Необыкновенное наслаждение!
И что важнее всего, — это не было самообманом, иллюзией возбужденной нервной системы, — нет: перед ним были реальные результаты, которые он мог ощупать руками. За последние три-четыре дня работа двинулась вперед гигантскими шагами, стало ясно, что еще немного, и будет найден ключ к загадке, которая откроет человечеству дверь в новую эпоху истории. Вопрос недель, месяцев — самое большее.
Флиднер ощущал внутреннее трепетание, необычайную обостренность всех впечатлений, будто предчувствие назревающего открытия. Уже вчера, глядя в окуляр микроскопа на толкотню атомов на флуоресцирующем поле экрана, он чувствовал трепещущую здесь силу, готовую брызнуть в мир широким потоком по мановению его руки. Еще немного!

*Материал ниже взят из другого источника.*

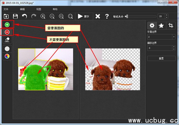 你需要抠图的部分用绿色表示,不需要的用红色的表示。涂抹完成后,软件就会自动识别你想要截图的地方
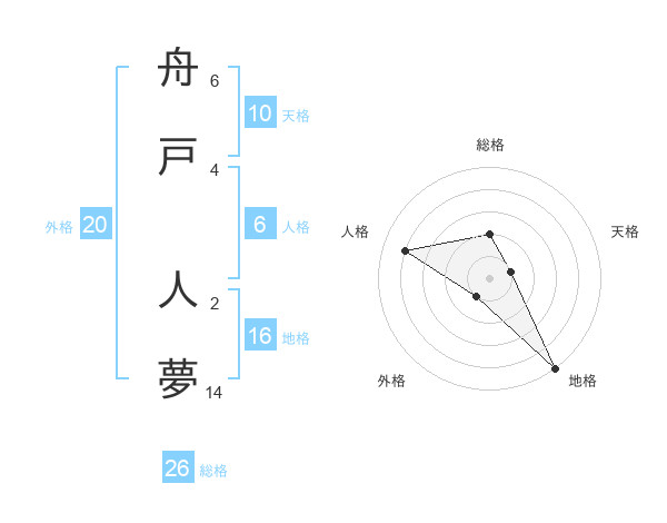 舟戸 人夢さんの総格は26画の2点!
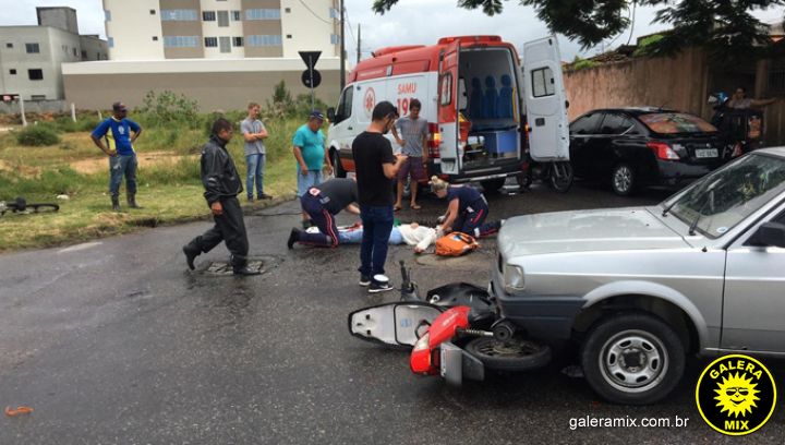 O veículo acertou a lateral da moto arremessando a vítima por alguns metros. A mulher permaneceu deitada no chão até a chegada do Corpo de Bombeiros e Samu (Serviço de Atendimento Móvel de Urgência). Ela estava consciente, porém se queixava de dores nos braços e pernas, além de um sangramento na boca.
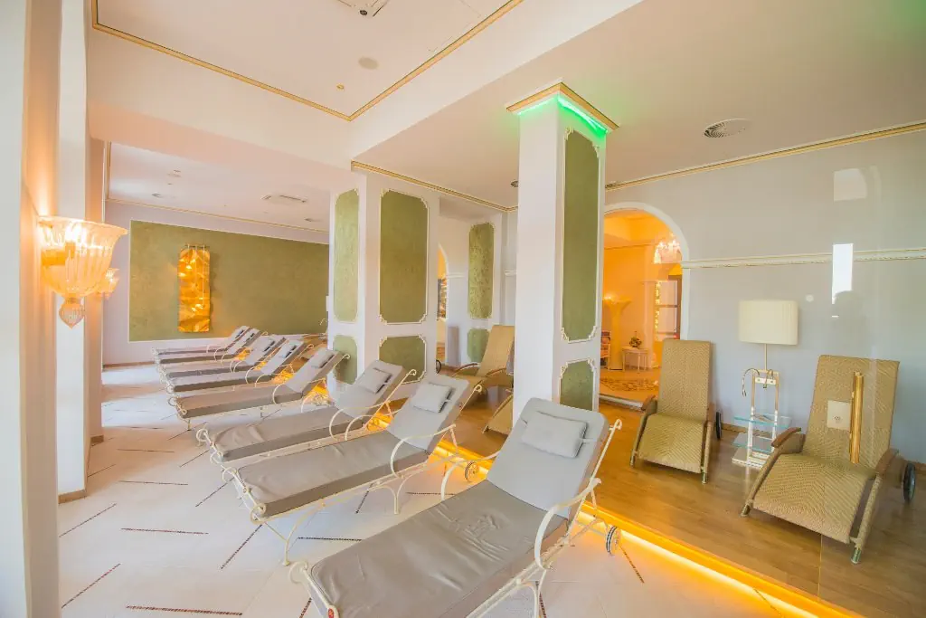 strefa Wellness (350 m2): wstęp dla Gości powyżej 16 lat. Basen kryty, basen infinity w whirlpoolem, łaźnia parowa, sauna fińska, kabina na podczerwień, pomieszczenie do wypoczynkupodgrzewane leżaki, duży taras, strefa Feng-Shui w ogrodzie. Za opłatą: zabiegi kosmetyczne i masaże.
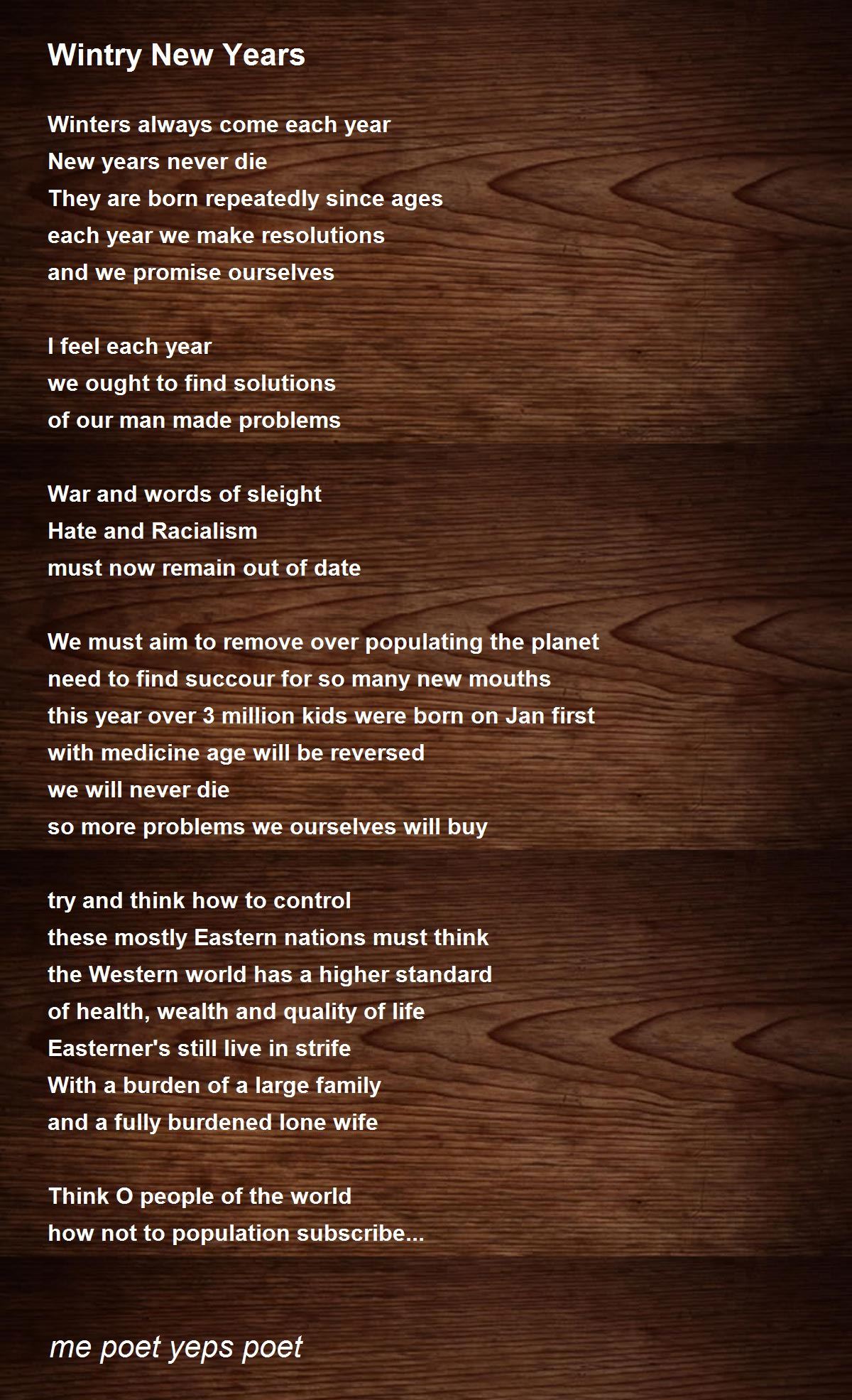 Hey! I tried to find the poem you requested me to read but I could not find it. Perhaps I did not write its name down correctly. This is a very interesting poem here though. If only war and hate could be overcome by new years' resolutions and good wishes. But only hard work and conviction of every person on this planet will probably work.
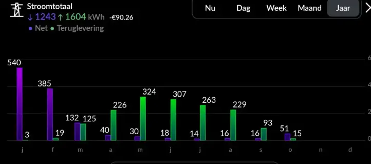 Deze maand #thuisbatterij niet veel meer kunnen gebruiken. Warmtepomp heeft voorrang op het laden. Seizoen voor de batterij is april -septemer. Zonder #warmtepomp maart-april .

Кроме того, вчера вечером принесли из типографии последнюю корректуру книги, издаваемой им сейчас, как подведение итогов многолетней работы. Груда листков с знакомым, приятно возбуждающим запахом лежала перед ним, и на заглавном листке ровными строчками мелкого шрифта бежали слова, как бы охватывавшие кратко историю его жизни: «доктора Конрада Флиднера, профессора и директора высшей школы в Берлине, тайного советника, доктора философии и точных наук»… И так же длинно и многозначительно было перечисление званий и титулов его старого учителя и профессора, памяти которого он посвящал свой труд. Флиднер перечитывал эти строчки, и ему казалось, что минувшие годы общей сумятицы, годы войны и революции, были только скверным сном, от которого он только что проснулся. По-прежнему он — тайный советник двора могущественного монарха, по-прежнему идет трезвая, размеренная, полная ясного смысла жизнь, в которой он твердо знает свое место и значение…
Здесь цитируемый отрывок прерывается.